I think Miller has it just right with his monthly analysis summary and how he expresses it: sales were up overall but were really depressed at the top. The top-selling serial comic,
Batman: The Dark Knight #1, sold right around 90,000 copies. At the same time, there are still pretty strong sales for comics way down the chart relative to what we've seen in past years, and across the board the market's acceptance of multiple price points makes the charts that depend on dollars made less scary than those that depend on units sold.
So while all the news isn't bad, particularly if you look at five- and ten-year trend, I would suggest the figures may be uniquely troubling going into a winter where there could be successive months of strange, slightly depressed business for stores. It's a well-worn but I think still-true statement to point out that the market is oriented towards making a few hits that drive the rest of the market. That mechanism seems hobbled. In fact, my hunch is that gains in lower-selling titles won't continue if there aren't higher-selling serial comics at the top of the chart to ameliorate what might be comics that outright lose money according to the way these comics are produced.
What else?
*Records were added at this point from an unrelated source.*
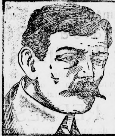
Înainte de întrebuițare.
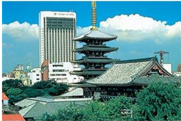
▶ ASAKUSA VIEW HOTEL
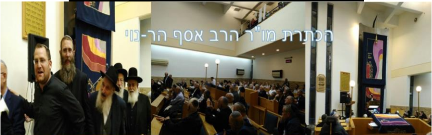
הכתרת מו"ר הרב אסף הר-נוי
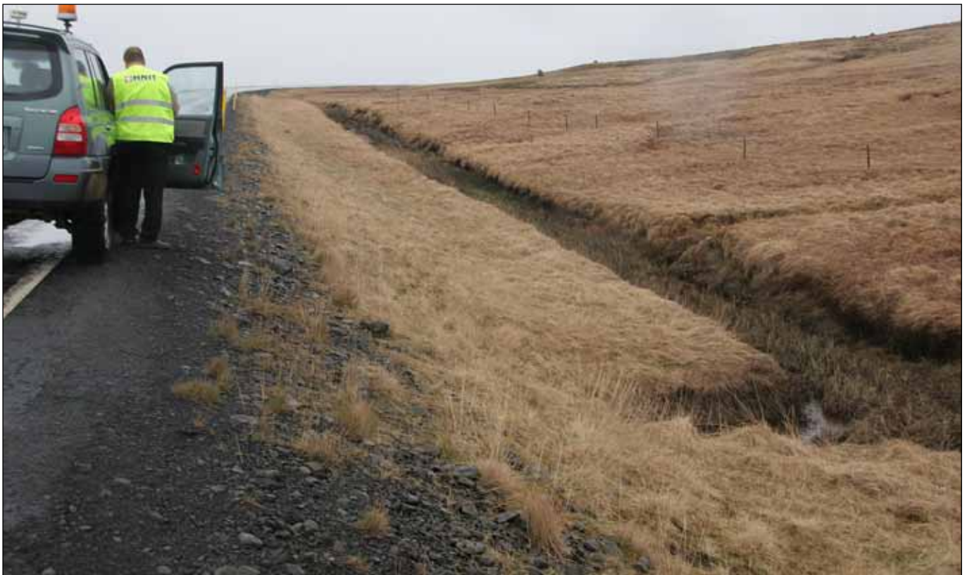
Djúpir skurðir meðfram vegum eru mjög hættulegir vegfarendum. Þar sem ræktun er aflögð er eðlilegast að fylla upp í þessa skurði með því að fletja bakka þeirra ofan í þá.
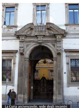
La Curia archiepiscopale, sede degli incontri
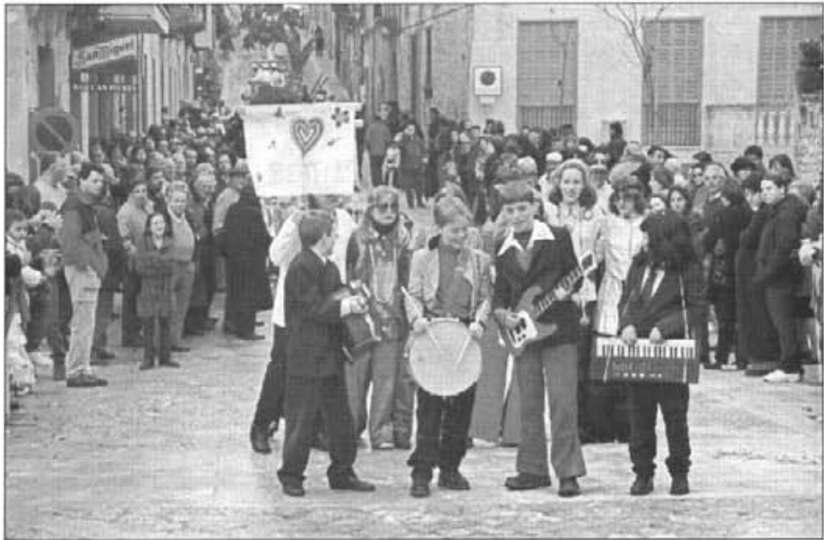
Una comparsa d'al·lots a la rua volgueren imitar els Beatles i se'n desferen bé

duals omplien tot el carrer en mig d'una extraordinària animació i expectació. Tot seguit davant l'Ajuntament s'entregaren els premis als guanyadors.
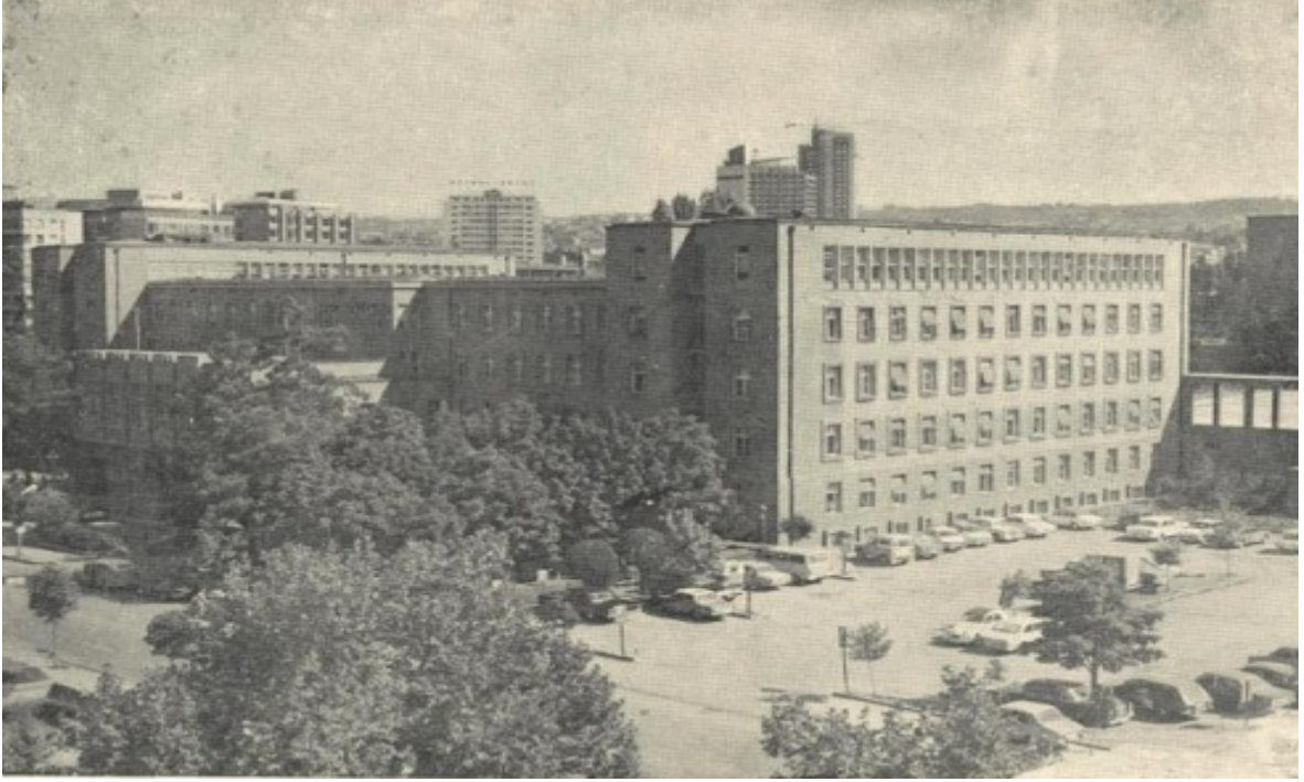
Resim 4 Bayındırlık Bakanlığı https://www.arkitera.com/haber/gecmisin-modern-mimarisi-ankara-1/

Yeni Türkiye'nin 1923 devrimi ulus devlet projesinin ilk adımı olarak tanımlanmıştır. Bu yüzden yeni rejimin kimlik oluşturma savaşı bir dizi inkılâp içermektedir. Osmanlının heterojen kimliği yerine homojen bir kimlik ile geçmiş ve geleceği bağdaştıran yeni bir kimlik üretilmelidir. Bu bağlamda modernleşme ve ulusallaşma projesi kapsamında sosyal, politik ve ekonomik ilkelere yönelik kararlar alınmıştır (Yalım, 2017, s. 167).

It seems like Marvel's serial comics are down, with yet another
Wolverine book launching with fewer than 60,000 copies in the market place and only being able to snag two of the top ten positions. That may put a lot of pressure on their next line-wide event to not just boost sales across the board to boost them past a certain point where the titles themselves are reinvigorated. It would be nice if the biggest companies were able to muster correctives in terms of structural issues and not just hope various titles catch fire, but the direct market in many ways is defined by that disconnect.
Heck of a DM sales performance by the latest
Fables trade, by the way. I'm still not certain why that line is treated in such an odd way by its parent company, but I know I'm not alone in wondering after that. Then again, I'm not sure I understand decisions made within that line, either. As I've said before, Bill Willingham strikes me as the kind of writer that has three or four ideas simmering at any one time, and I'm surprised that one of them isn't another big-ass series of the
Fables type being attempted by Vertigo.